- O Departamento de Justiça dos EUA aprovou a fusão de 111 bilhões de dólares entre Paramount Skydance e Warner Bros. Discovery, após análise antitruste.
- A agência disse que a transação não deve prejudicar a competição nem os consumidores, em áreas como SVOD, TV linear e distribuição de filmes para lançamento nos cinemas.
- O acordo enfrenta escrutínio internacional: o Reino Unido abriu investigação, com prazo até 7 de agosto, e reguladores europeus analisam a origem dos recursos; três fundos soberanos do Golfo investiram cerca de 24 bilhões de dólares.
- Na Austrália, reguladores também aprovaram a operação, entendendo que não haverá redução substancial da competição na venda de filmes para exibição nos cinemas.
- Ainda existe a possibilidade de uma ação judicial movida por procuradores-gerais estaduais para bloquear a fusão, que pode ocorrer nas próximas semanas.
A justiça dos EUA aprovou a fusão de US$ 111 bilhões entre Paramount Skydance, controlada pela família Ellison, e Warner Bros.
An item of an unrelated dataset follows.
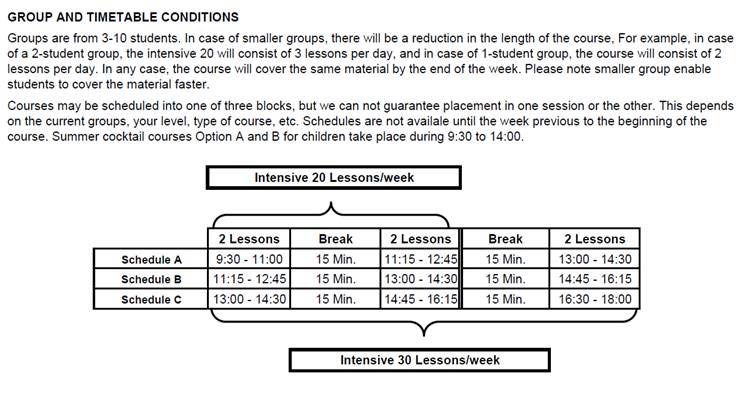 Bitte beachten Sie: Unterrichtszeiten können nicht garantiert werden. Die Sprachschule ist aber stets bemüht die Stundenpläne im Sinne der Teilnehmenden zu erstellen. Sollten Sie eine Unterrichtszeit bevorzugen, so teilen Sie dies bitte direkt bei der Buchung mit.

Discovery, dona de CNN e HBO. A decisão ocorreu após meses de análise pela divisão antitruste.
A aprovação, anunciada na sexta-feira, não impede investigações e outros entraves internacionais. Reguladores britânicos abriram um inquérito para avaliar impactos da operação na concorrência no Reino Unido.
Reações e próximos passos
Na prática, o acordo ainda enfrenta escrutínio ativo na Austrália, onde a autoridade reguladora já aprovou o negócio, e na União Europeia, que analisa as fontes de financiamento envolvidas, incluindo fundos soberanos.
Dados do órgão regulador americano indicam que o estudo avaliou impacto em streaming, televisão linear e produção de filmes, concluindo que a transação não deve prejudicar a concorrência nem os consumidores.
Empresas destacaram a expectativa de sinergias significativas que podem chegar a US$ 6 bilhões, com promessas de manter independência editorial em algumas frentes, apesar de rumores sobre mudanças estratégicas.
Analistas ponderam que, além de aprovações setoriais, há possibilidade de uma ação legal movida por tribunais estaduais, com foco em reduzir potenciais efeitos anticompetitivos da fusão.
Profissionais de CBS News e CNN temeram impactos na estrutura de empregos, dado o aumento de concentração na mídia, ainda que as companhias afirmem preservar empregos e conteúdos.